2.4 Cell treatments and apoptosis assay
Endothelial cells in serum-free medium were treated with various concentrations of NE for different durations, or were pretreated with different adrenergic antagonists for 30 min before the addition of NE for 48 h. The treatments included NE alone (100 µM), NE+prazosin ({alpha}1-adrenergic antagonist, 1 µM), NE+yohimbine ({alpha}2-adrenergic antagonist, 5 µM), NE+propranolol (β-adrenergic antagonist, 1 µM), NE+atenolol (β1-adrenergic antagonist, 5 µM), and NE+ICI-118,551 (β2-adrenergic antagonist, 1 µM). The apoptosis was determined using in situ terminal deoxynucleotidyl transferase-mediated nick end-labeling (TUNEL) assay (Roche Diagnostics, Meylan, France). Then cells were washed and double stained with 1 µg/ml DAPI at room temperature for another 20 min. The labeled endothelial cells were examined by fluorescence microscopy. To quantify apoptotic cells, the percentage of TUNEL positive cells (with green fluorescent nuclei) was measured at 200 x magnification in five randomly chosen fields of each nine replicates from three independent cultures. The proportion of TUNEL-positive cells was expressed as a percentage of the total cells counted. Some endothelial cells were transduced with recombinant Bcl-2-adenoviral and control adenoviral vectors for 16 h prior to exposure to NE. The cells were treated for 2 h with caspase inhibitors prior to exposure to NE, apoptotic cells were estimated.

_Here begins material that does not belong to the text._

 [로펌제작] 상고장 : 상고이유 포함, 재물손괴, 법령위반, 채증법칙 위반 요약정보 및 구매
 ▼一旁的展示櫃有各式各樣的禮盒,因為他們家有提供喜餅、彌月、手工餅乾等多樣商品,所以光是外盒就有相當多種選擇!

2.5 DNA fragmentation analysis
Rat heart endothelial cells were treated with or without 10, 50 and 100 µM NE for 48 h. Total cells (both attached and floating cells) were harvested and resuspended in 400 µl of ice-cold lysis buffer (containing 50 mM Tris–HCl, pH 7.5, 10 mM EDTA, 0.3% Triton X-100), incubated on ice for 30 min, and then centrifuged. The supernatant was incubated with Proteinase K (200 µg/ml) for 2 h, at 50 °C. RNaseA (100 µg/ml) was added and incubated at 50 °C for another 2 h. Fragmented DNA was extracted with phenol/chloroform, and precipitated with ethanol/sodium acetate at –20 °C. The DNA fragments were electrophoresed on a 2% agarose gel containing 0.1 µg/ml ethidium bromide.

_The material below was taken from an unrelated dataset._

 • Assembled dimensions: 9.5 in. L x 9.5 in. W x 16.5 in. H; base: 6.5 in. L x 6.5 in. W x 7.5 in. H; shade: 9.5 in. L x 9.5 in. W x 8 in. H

2.6 Measurement of caspase activity
Caspase-2, -3, -6, -8, and -9 activities were determined 12, 24 and 48 h after treatment of endothelial cells with NE (100 µM). Briefly, endothelial cells were lysed to release their intracellular contents. The cell lysate was then tested for caspase activity by addition of a caspase-specific peptide substrate conjugated with the fluorescent reporter molecule 7-amino-4-trifluoromethyl coumarin (R&D System Minneapolis, USA). The cleavage of the peptide by the caspase releases the fluorochrome that when excited by light at 400 nm emits fluorescence at 505 nm. The level of caspase enzymatic activity in the cell lysate is directly proportional to the fluorescence signal detected with a fluorescent microplate reader (Fluoroskan Ascent; Labsystems, Finland).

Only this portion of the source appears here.